**WHAT YOU SHOULD DO**
Only the pictures should be left out; write out all other data exactly.

##### DATASET EXTRACT

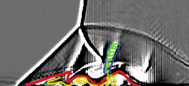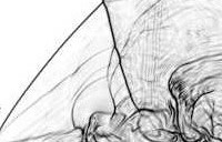 Next are highlighted prominent features on the image of an unstable shockwave produced in a wind tunnel. You can see, adjusting for perspective, they are patterned almost identically.
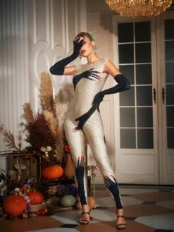 Be the life of any Halloween party with this bodaciously bedazzled Billy Diamond Hands Illusion Jumpsuit In Beige! Crafted with sparkling diamond embellishments, this sultry one-piece will have all eyes on you. Get ready to slay this spooky season with a sinisterly stylish Halloween vibe!
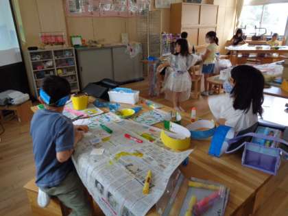 2年生は図工。一人一人が自ら工夫を形にしています。

##########

**PROBLEM SOLUTION**
 Next are highlighted prominent features on the image of an unstable shockwave produced in a wind tunnel. You can see, adjusting for perspective, they are patterned almost identically.
 Be the life of any Halloween party with this bodaciously bedazzled Billy Diamond Hands Illusion Jumpsuit In Beige! Crafted with sparkling diamond embellishments, this sultry one-piece will have all eyes on you. Get ready to slay this spooky season with a sinisterly stylish Halloween vibe!
 2年生は図工。一人一人が自ら工夫を形にしています。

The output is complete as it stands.